Available records –
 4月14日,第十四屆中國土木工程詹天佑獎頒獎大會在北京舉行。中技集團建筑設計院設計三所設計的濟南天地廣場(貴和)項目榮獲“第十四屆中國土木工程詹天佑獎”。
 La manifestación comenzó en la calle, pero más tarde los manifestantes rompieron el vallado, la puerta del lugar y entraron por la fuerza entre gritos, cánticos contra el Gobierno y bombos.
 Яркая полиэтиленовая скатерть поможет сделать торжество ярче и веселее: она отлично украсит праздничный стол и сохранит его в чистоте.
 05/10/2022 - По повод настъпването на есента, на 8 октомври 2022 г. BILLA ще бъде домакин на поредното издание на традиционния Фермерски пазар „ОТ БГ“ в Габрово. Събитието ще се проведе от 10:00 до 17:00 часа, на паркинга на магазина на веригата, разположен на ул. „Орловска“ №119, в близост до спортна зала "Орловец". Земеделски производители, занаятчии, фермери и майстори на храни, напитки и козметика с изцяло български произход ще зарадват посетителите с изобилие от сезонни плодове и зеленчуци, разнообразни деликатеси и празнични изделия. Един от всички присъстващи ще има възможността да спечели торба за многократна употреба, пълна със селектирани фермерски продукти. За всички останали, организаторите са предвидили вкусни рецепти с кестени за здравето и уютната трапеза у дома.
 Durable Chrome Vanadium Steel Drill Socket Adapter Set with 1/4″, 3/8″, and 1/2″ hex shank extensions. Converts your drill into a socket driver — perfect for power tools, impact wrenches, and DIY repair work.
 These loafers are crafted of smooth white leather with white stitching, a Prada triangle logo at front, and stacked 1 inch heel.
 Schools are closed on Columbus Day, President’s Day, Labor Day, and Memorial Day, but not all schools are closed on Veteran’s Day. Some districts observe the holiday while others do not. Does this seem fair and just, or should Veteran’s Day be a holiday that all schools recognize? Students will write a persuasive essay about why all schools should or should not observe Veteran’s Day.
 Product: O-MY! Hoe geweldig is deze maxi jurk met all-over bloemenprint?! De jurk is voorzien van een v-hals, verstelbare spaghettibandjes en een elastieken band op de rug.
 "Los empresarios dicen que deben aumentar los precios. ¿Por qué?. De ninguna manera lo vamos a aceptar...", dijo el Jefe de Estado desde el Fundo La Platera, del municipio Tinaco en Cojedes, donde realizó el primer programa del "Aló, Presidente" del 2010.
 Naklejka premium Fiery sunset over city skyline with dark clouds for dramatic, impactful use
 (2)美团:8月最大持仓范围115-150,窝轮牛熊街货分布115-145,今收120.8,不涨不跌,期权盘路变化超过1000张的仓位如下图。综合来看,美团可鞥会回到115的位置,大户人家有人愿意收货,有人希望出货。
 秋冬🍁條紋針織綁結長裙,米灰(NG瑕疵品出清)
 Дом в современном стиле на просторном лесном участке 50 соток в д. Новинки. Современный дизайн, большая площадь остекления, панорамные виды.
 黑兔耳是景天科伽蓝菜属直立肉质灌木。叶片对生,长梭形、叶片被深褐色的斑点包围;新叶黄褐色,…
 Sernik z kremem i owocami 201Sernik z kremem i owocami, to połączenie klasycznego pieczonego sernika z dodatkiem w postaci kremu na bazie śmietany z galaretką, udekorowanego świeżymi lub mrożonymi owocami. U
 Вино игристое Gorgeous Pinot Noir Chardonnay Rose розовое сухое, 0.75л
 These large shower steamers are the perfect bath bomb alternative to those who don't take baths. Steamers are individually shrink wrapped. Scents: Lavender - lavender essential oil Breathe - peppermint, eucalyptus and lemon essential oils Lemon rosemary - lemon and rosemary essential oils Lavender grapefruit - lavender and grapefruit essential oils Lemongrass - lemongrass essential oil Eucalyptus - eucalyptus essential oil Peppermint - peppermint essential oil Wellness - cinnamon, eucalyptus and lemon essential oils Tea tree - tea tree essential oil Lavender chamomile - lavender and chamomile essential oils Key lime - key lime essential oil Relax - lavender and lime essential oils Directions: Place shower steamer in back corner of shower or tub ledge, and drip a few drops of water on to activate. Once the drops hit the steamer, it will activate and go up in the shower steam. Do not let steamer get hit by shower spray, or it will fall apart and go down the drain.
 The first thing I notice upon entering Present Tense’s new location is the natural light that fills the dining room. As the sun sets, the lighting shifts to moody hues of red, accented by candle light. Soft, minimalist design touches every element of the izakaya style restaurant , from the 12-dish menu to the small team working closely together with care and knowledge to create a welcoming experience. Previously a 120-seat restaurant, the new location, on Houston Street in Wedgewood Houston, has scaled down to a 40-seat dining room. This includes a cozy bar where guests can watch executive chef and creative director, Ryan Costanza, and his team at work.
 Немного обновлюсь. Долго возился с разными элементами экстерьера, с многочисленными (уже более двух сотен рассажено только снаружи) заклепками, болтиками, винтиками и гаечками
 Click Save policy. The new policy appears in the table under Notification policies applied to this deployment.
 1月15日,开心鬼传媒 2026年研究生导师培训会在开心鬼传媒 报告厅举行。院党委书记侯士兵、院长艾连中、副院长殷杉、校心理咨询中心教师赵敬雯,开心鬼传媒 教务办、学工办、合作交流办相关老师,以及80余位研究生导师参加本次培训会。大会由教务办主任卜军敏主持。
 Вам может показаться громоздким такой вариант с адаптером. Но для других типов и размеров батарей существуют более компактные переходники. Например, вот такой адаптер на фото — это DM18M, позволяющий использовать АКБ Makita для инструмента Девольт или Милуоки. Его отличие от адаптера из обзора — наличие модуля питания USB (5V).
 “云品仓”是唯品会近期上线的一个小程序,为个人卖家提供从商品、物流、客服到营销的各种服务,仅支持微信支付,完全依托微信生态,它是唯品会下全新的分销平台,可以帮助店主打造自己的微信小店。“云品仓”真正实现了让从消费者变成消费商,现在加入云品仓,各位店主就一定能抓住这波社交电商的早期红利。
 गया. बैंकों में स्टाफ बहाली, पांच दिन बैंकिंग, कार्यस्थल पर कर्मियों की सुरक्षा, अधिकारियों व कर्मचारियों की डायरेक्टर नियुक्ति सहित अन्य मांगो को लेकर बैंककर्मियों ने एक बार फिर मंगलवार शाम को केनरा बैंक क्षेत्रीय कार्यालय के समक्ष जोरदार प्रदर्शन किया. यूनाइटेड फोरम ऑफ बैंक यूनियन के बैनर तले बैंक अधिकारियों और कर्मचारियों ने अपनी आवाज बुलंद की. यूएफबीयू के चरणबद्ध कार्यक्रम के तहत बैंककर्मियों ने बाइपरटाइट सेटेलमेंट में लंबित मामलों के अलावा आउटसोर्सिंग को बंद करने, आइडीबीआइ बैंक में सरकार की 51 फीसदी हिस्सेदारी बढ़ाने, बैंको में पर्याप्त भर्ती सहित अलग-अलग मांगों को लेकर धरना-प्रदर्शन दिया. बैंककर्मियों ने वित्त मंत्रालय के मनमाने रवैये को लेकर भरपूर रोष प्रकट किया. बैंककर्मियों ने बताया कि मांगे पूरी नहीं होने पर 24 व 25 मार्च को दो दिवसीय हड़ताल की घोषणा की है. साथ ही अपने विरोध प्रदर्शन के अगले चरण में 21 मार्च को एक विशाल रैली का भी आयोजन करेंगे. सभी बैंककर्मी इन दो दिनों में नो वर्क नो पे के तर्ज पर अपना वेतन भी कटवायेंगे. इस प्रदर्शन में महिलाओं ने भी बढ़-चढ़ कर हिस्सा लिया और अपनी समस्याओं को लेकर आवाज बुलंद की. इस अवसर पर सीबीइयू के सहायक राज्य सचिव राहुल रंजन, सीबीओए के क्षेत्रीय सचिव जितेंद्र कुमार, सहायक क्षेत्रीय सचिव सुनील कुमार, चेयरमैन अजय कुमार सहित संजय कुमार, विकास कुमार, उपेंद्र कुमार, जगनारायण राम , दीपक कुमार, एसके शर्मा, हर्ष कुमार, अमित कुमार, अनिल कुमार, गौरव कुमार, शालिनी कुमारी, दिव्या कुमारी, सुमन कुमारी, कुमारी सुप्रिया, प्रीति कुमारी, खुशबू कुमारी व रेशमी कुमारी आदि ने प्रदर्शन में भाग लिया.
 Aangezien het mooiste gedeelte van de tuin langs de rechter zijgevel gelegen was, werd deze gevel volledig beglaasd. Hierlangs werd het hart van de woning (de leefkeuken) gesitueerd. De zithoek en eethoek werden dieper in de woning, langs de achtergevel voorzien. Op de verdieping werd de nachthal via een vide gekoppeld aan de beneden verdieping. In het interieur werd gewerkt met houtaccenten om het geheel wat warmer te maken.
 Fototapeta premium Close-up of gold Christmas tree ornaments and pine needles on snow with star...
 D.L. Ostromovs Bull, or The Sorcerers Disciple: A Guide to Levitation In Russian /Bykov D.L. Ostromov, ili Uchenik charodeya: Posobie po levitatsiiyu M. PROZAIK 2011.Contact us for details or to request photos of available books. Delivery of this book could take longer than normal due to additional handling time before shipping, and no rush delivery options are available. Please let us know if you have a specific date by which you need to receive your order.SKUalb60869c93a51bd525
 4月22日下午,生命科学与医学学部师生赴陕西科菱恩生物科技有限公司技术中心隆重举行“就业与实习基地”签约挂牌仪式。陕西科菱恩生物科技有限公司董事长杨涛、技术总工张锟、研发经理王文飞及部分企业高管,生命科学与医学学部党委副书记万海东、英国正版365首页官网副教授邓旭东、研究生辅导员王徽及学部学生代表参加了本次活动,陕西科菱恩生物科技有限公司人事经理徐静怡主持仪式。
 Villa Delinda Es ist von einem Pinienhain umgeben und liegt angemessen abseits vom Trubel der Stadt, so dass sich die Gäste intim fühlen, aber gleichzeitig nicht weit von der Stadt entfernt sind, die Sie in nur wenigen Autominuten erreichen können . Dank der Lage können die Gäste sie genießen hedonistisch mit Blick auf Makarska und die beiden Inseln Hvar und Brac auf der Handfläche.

Aim of the exercise –
Your task is to transcribe, with no changes, only the lines of the listing above that lie between the line holding "Schools are closed on Columbus" and the line holding "Product: O-MY! Hoe", inclusive.

Output of the task –
 Schools are closed on Columbus Day, President’s Day, Labor Day, and Memorial Day, but not all schools are closed on Veteran’s Day. Some districts observe the holiday while others do not. Does this seem fair and just, or should Veteran’s Day be a holiday that all schools recognize? Students will write a persuasive essay about why all schools should or should not observe Veteran’s Day.
 Product: O-MY! Hoe geweldig is deze maxi jurk met all-over bloemenprint?! De jurk is voorzien van een v-hals, verstelbare spaghettibandjes en een elastieken band op de rug.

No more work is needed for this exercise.